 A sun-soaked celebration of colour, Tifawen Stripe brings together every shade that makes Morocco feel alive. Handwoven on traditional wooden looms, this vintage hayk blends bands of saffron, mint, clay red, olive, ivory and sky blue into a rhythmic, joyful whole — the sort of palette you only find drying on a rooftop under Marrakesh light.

---

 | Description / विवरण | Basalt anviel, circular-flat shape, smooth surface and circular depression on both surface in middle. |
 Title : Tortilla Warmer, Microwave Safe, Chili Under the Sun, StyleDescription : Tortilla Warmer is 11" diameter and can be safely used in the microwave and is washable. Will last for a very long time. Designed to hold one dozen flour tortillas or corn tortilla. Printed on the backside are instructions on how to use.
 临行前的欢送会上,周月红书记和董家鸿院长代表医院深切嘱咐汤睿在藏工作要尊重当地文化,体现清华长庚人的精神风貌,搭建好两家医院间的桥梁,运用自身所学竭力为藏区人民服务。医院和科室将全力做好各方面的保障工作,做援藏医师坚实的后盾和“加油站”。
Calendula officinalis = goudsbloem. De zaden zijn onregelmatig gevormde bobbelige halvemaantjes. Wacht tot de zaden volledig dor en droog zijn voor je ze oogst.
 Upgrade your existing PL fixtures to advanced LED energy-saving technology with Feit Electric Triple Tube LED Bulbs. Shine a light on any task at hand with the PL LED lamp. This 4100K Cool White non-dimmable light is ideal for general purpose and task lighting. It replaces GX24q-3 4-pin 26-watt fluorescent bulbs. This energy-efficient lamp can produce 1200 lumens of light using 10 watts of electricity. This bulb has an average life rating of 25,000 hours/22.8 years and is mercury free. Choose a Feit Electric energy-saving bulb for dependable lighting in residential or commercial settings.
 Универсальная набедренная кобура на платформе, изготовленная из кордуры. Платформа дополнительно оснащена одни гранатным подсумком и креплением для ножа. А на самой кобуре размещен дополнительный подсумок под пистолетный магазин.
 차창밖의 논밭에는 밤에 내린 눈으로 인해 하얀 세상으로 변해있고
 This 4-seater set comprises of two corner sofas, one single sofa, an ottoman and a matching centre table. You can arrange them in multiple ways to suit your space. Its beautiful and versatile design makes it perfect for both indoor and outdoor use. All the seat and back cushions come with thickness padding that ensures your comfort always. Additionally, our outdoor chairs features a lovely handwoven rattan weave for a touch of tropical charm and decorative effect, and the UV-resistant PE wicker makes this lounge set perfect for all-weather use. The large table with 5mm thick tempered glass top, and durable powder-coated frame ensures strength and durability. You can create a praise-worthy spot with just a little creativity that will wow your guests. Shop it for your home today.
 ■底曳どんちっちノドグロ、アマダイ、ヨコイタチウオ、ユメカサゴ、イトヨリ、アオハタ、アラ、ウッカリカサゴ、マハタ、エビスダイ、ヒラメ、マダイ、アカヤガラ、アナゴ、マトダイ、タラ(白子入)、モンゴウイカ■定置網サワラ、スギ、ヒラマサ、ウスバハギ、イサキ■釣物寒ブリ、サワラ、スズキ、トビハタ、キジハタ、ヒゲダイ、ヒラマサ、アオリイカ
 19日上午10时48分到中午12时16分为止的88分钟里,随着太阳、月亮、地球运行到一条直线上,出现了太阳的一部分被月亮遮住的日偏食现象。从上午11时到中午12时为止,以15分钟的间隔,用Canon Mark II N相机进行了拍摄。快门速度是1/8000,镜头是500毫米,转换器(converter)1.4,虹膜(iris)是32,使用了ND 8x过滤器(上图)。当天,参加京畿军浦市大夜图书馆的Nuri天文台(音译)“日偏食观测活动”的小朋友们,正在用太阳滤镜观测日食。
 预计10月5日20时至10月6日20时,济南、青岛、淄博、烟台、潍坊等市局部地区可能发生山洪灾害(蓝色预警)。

---

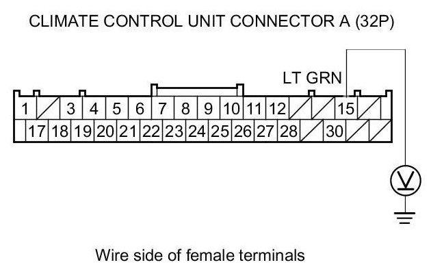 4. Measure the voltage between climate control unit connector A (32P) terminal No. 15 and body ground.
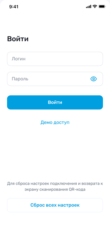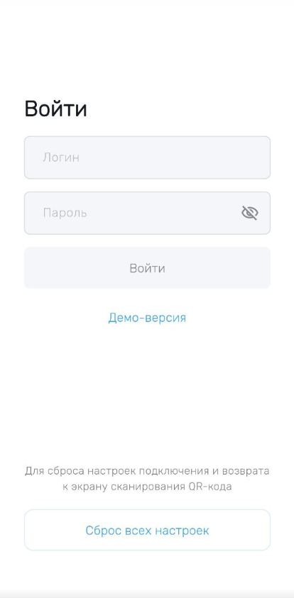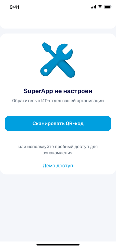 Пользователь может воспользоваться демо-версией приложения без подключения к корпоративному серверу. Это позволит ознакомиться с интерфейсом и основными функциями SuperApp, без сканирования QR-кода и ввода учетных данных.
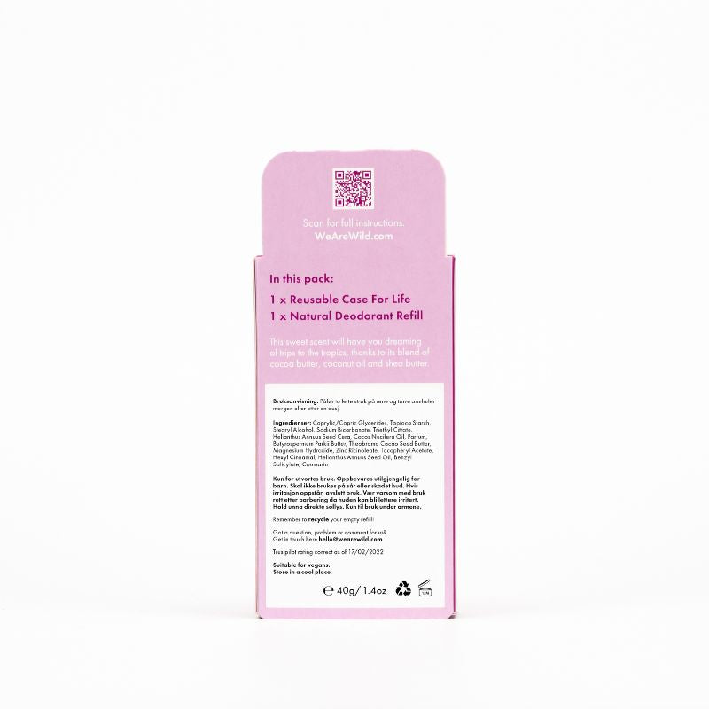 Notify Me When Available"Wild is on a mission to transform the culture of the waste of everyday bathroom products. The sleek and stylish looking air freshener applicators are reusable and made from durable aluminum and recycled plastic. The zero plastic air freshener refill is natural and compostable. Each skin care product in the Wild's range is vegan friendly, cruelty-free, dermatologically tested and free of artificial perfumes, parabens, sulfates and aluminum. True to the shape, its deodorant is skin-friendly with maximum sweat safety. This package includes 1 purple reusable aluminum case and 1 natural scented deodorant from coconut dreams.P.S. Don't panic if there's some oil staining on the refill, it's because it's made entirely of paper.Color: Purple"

---

• **WORK ITEM**
Start with the line above that contains "in middle. |" and stop after the line that contains "Calendula officinalis = goudsbloem.". Output those lines exactly, and only those.

• **WRITTEN RESPONSE**
 | Description / विवरण | Basalt anviel, circular-flat shape, smooth surface and circular depression on both surface in middle. |
 Title : Tortilla Warmer, Microwave Safe, Chili Under the Sun, StyleDescription : Tortilla Warmer is 11" diameter and can be safely used in the microwave and is washable. Will last for a very long time. Designed to hold one dozen flour tortillas or corn tortilla. Printed on the backside are instructions on how to use.
 临行前的欢送会上,周月红书记和董家鸿院长代表医院深切嘱咐汤睿在藏工作要尊重当地文化,体现清华长庚人的精神风貌,搭建好两家医院间的桥梁,运用自身所学竭力为藏区人民服务。医院和科室将全力做好各方面的保障工作,做援藏医师坚实的后盾和“加油站”。
Calendula officinalis = goudsbloem. De zaden zijn onregelmatig gevormde bobbelige halvemaantjes. Wacht tot de zaden volledig dor en droog zijn voor je ze oogst.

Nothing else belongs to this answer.